» EXERCISE OBJECTIVE
Give back the whole listing exactly as written, leaving out each picture.

» DATASET CONTENT
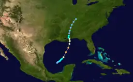 A trough was located over the Gulf of Mexico on September 8, which interacted with a weakening cold front to produce a low pressure area, and eventually a tropical depression on September 12. On the next day, the system intensified into Tropical Storm Ethel, which began a period of rapid intensification a day later. By late on September 14, Ethel reached peak winds of 115 mph (185 km), presenting a well-defined eye. Operationally, the Hurricane Hunters estimated winds of 160 mph (260 km/h), making Ethel a Category 5 hurricane, although a reanalysis in 2016 downgraded Ethel to a Category 3. Cooler air caused a period of rapid weakening, and Ethel moved ashore near Pascagoula, Mississippi with sustained winds of 80 mph (130 km/h). The storm gradually weakened after moving inland, before eventually dissipating over southern Kentucky on September 17.[6][17]
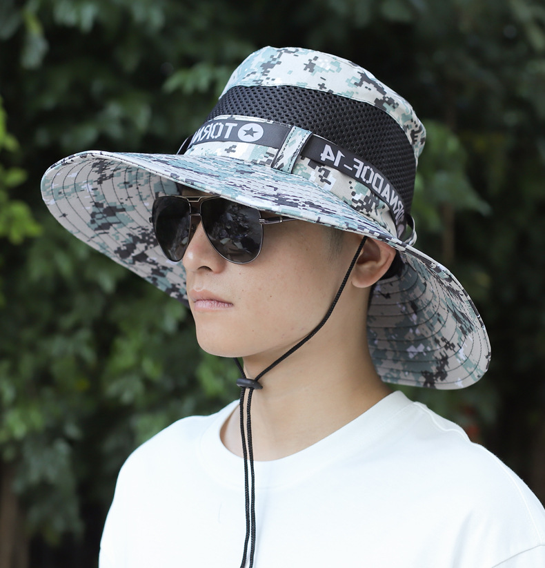 일본식 태양 모자 남성용 차양 새로운 위장 여름 여행 낚시 자외선 차단제 차양 야외 큰 이브 어부 모자 남성용
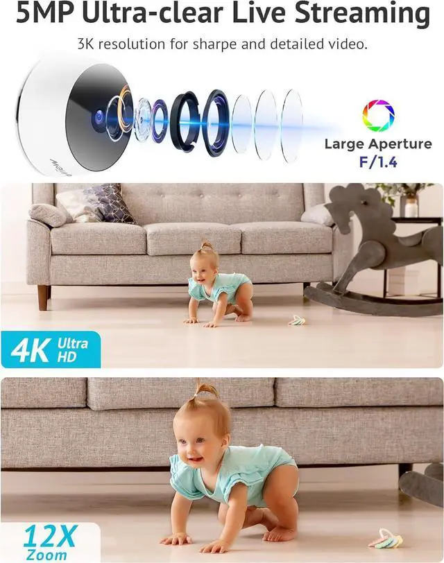 Ultra 5MP 3K Resolution & Night Vision: Experience 3K HD(2880*1616P) clarity with 12x digital zoom; superior to 1080P; indoor cameras offer starlight color night vision without spotlights; no sudden lights to disturb your baby's sleep

» WORKED SOLUTION
 A trough was located over the Gulf of Mexico on September 8, which interacted with a weakening cold front to produce a low pressure area, and eventually a tropical depression on September 12. On the next day, the system intensified into Tropical Storm Ethel, which began a period of rapid intensification a day later. By late on September 14, Ethel reached peak winds of 115 mph (185 km), presenting a well-defined eye. Operationally, the Hurricane Hunters estimated winds of 160 mph (260 km/h), making Ethel a Category 5 hurricane, although a reanalysis in 2016 downgraded Ethel to a Category 3. Cooler air caused a period of rapid weakening, and Ethel moved ashore near Pascagoula, Mississippi with sustained winds of 80 mph (130 km/h). The storm gradually weakened after moving inland, before eventually dissipating over southern Kentucky on September 17.[6][17]
 일본식 태양 모자 남성용 차양 새로운 위장 여름 여행 낚시 자외선 차단제 차양 야외 큰 이브 어부 모자 남성용
 Ultra 5MP 3K Resolution & Night Vision: Experience 3K HD(2880*1616P) clarity with 12x digital zoom; superior to 1080P; indoor cameras offer starlight color night vision without spotlights; no sudden lights to disturb your baby's sleep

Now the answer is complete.